Keseyi gören adam gülümsedi ve boş sandalyelerden birisini işaret etti.
Altair sandalyeye oturdu ve keseyi ortaya fırlattı. "Evet... Nasıl oynanıyor?" Oyun hakkında zerre bilgisi yoktu. Kazanma şansının dahi olmadığını biliyordu ama başka yapacak bir şeyi yoktu.
Tek başına bir yıkık gibi durmaktan daha iyiydi.
"Dağıtıcı ortaya her el 8 kart atıyor. İlk başta 50 kartla başlayan bu oyun 180 karta kadar çıkıyor. En çok kartı eşleştiren ortada ki parayı kazanıyor." adam Altair'ın sorusunu yanıtladı.
"Peki her el kaç kartı çevirebiliyoruz?" Altair merakla sordu.
"Her el sadece bir kartı çevirebiliyorsun. Eğer eşinden eminsen iki kartı çevirebilirsin. Ancak..." adam Altair'ın suratına baktı.
"Eğer kartların aynı çıkmazsa ekstra para ekleyerek, ortada ki parayı artıracaksın." adam ortaya büyük kart demet çıkardı.

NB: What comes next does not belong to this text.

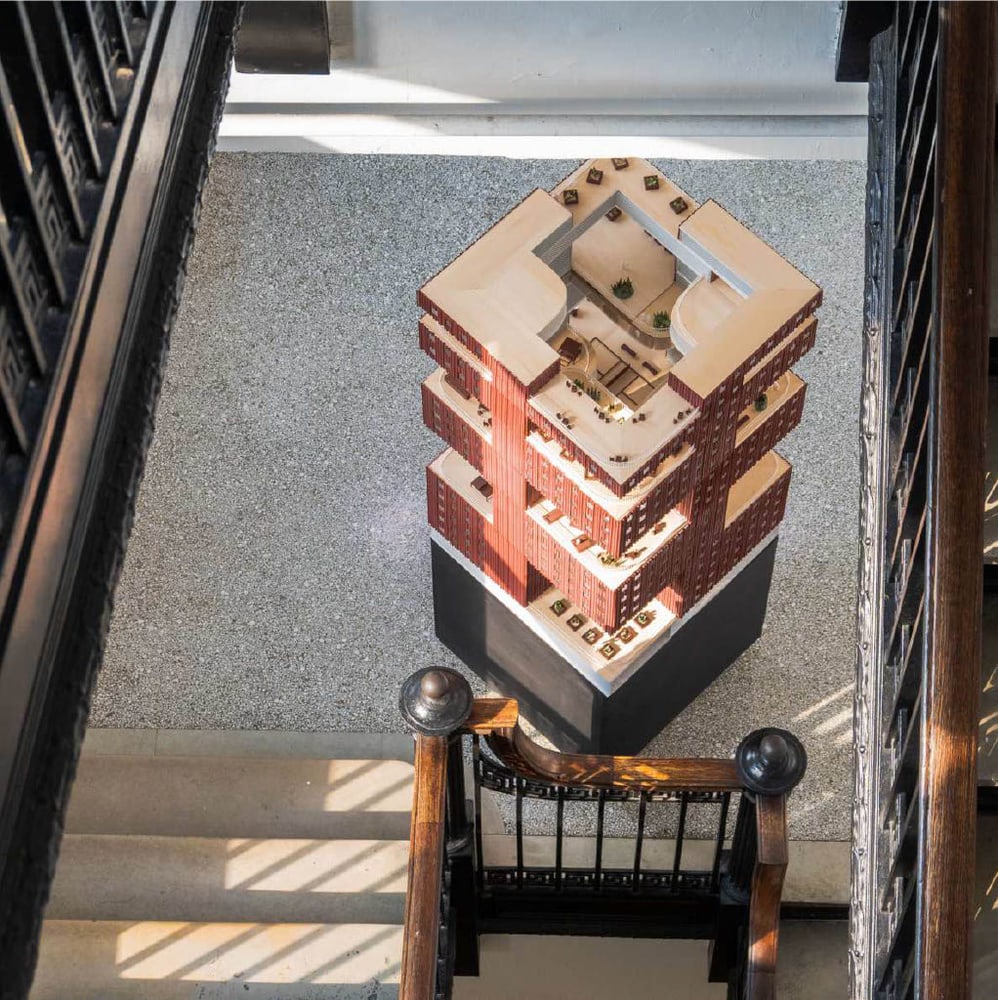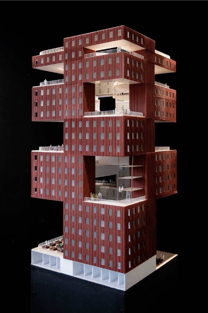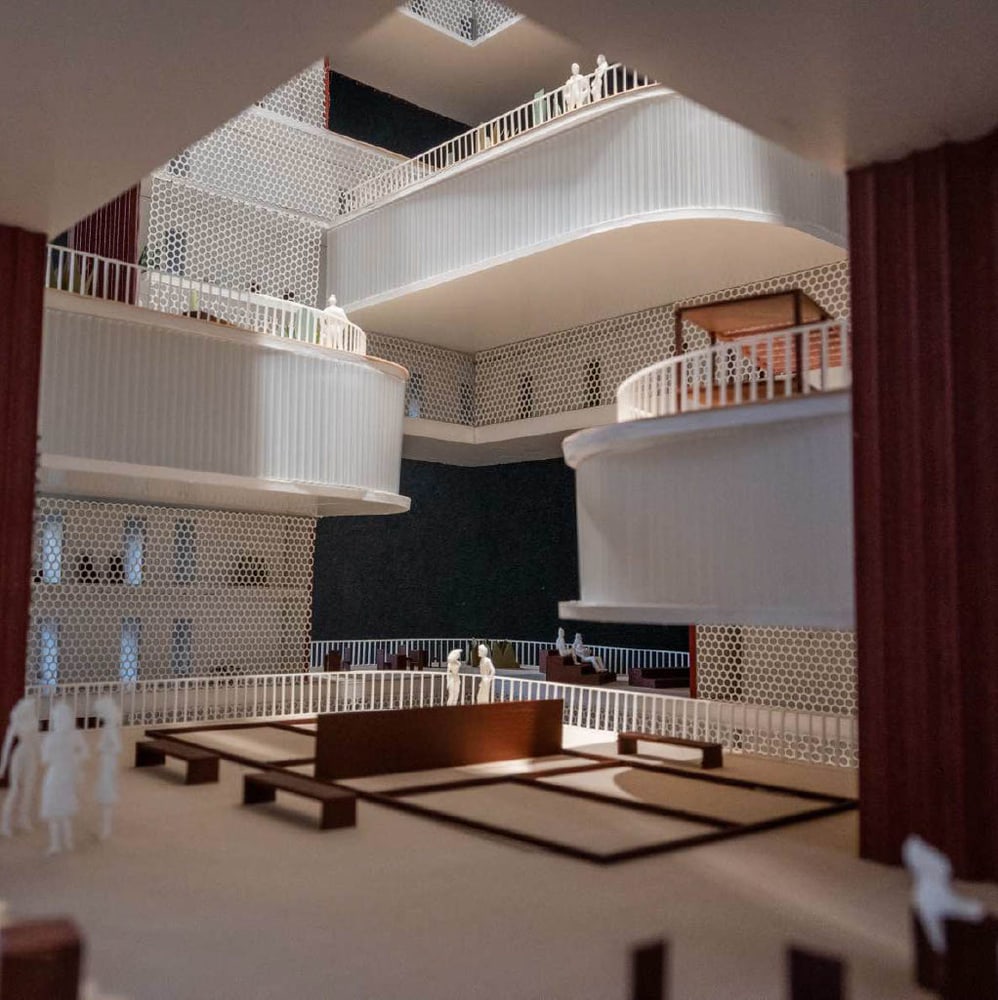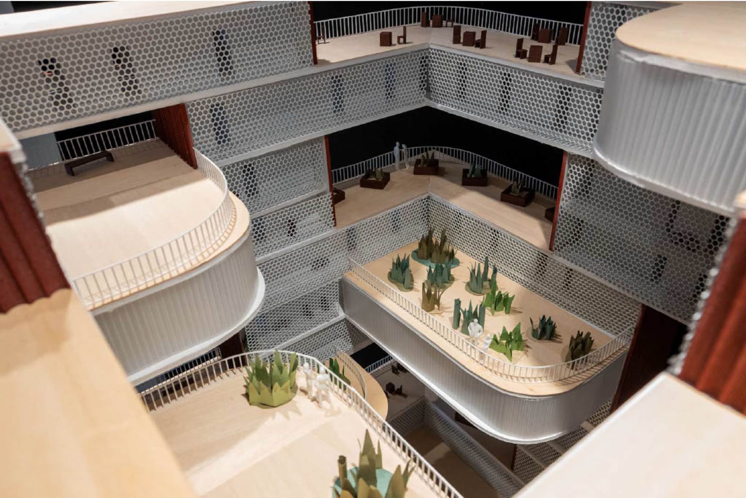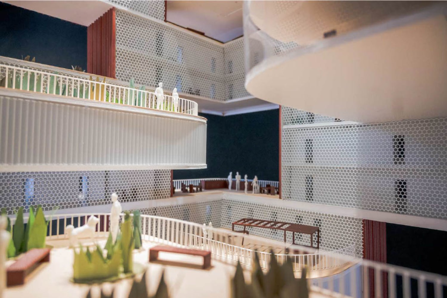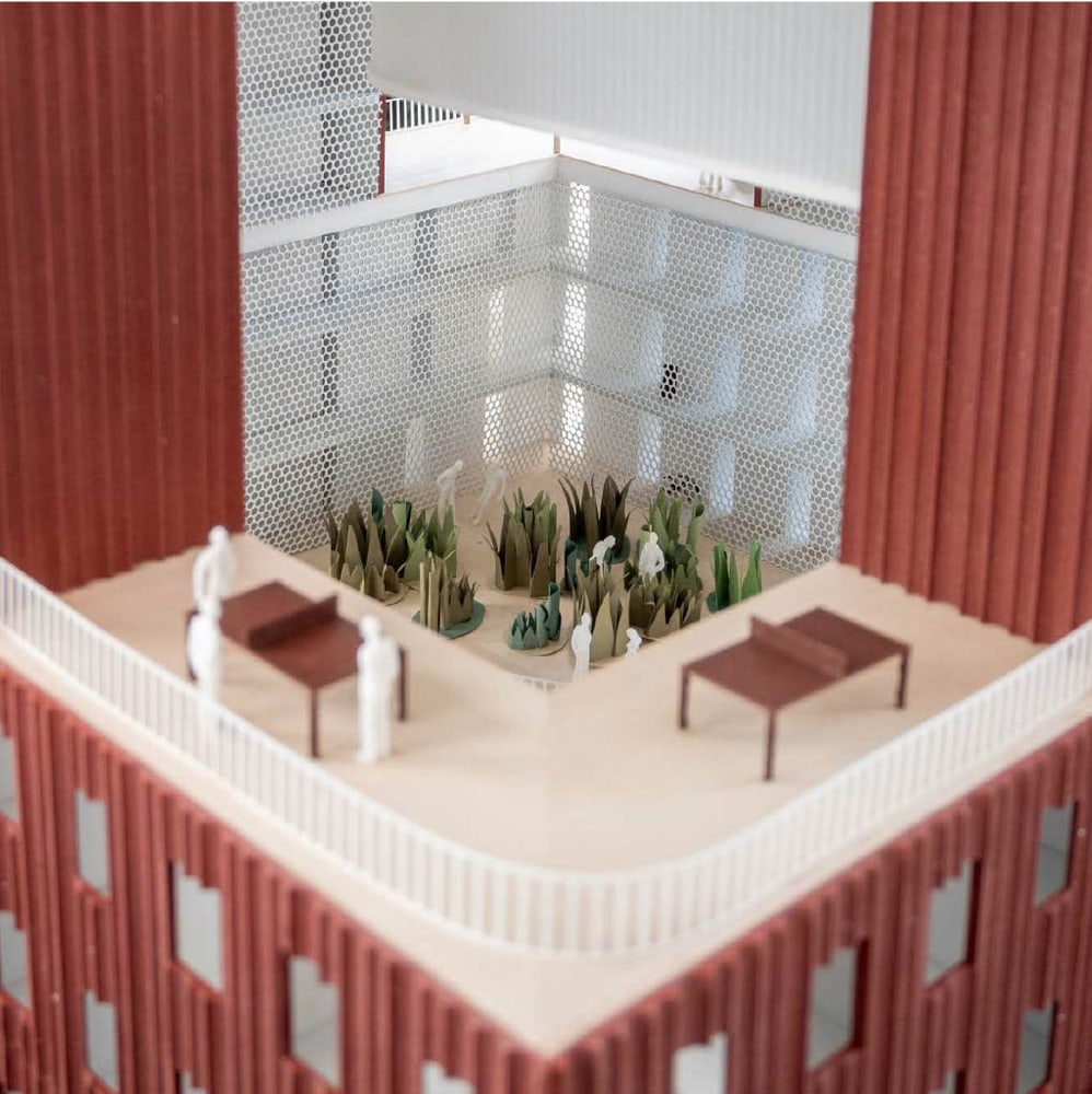Designed with immigrant communities in mind, the building frames housing as both shelter and social infrastructure. Kitchens are positioned at the courtyard edge as primary sites of congregation, recognizing food as a universal practice that reduces isolation and supports cultural continuity. Program is organized across three scales of sharing: (1) room pairs that share a bathroom, (2) clusters that share micro-kitchens and dining, and (3) building-wide amenities—such as a fresh-food market, library, sport areas, and small parks—strategically clustered at sheared corners. These nodes concentrate activity and extend it outward through “leaky” terraces and patios, allowing interior life to register in the public realm.

"Eşleştirme kartları bunlar. Önceden öylesine oynuyorduk ama artık bahis koyalım!" kafasıyla karşısında ki 7 kişiye işaret verdi. Adamlar ceketlerinin içinden bir kese çıkarıp ortaya attılar. Ardından adamın kendisi de bir kese ortaya attı ve Altair'a gülümsedi.
"Oynayacak mısın?"
"Evet." Altair torbasından bir kese daha çıkardı ve ortaya fırlattı. Düşündüğü kadar meşakatli bir oyun değildi. Hafızası eski dünyasında bile yaşıtlarına göre daha fazlaydı. Buraya geldikten sonra birçok şeyi ezberleyerek hafızasını geliştirmişti.
"Güzel. Şimdi hostu çağıralım buraya... Hile olmadan oynamak için en iyisi bu olur." Adamın elinde bir çan belirdi ve çanı çalarak ses çıkardı.
Ting!
Ses havada yankılandığı anda Altair'ın yanında birisi ortaya çıktı. Adamın yüzü ve vücudunun her yeri siyah bir cübbeyle örtülmüştü. Derisi hiçbir şekilde belli olmuyordu.
Adam garip bir tonla "Kör bahis? Ve kurallar?" dedi.
Kör bahis ortaya konulması gereken en az bahis anlamına geliyordu. Genellikle poker tarzı kart oyunlarında geçse de, bu tarz hafıza gerektiren oyunlarda da kullanılıyordu.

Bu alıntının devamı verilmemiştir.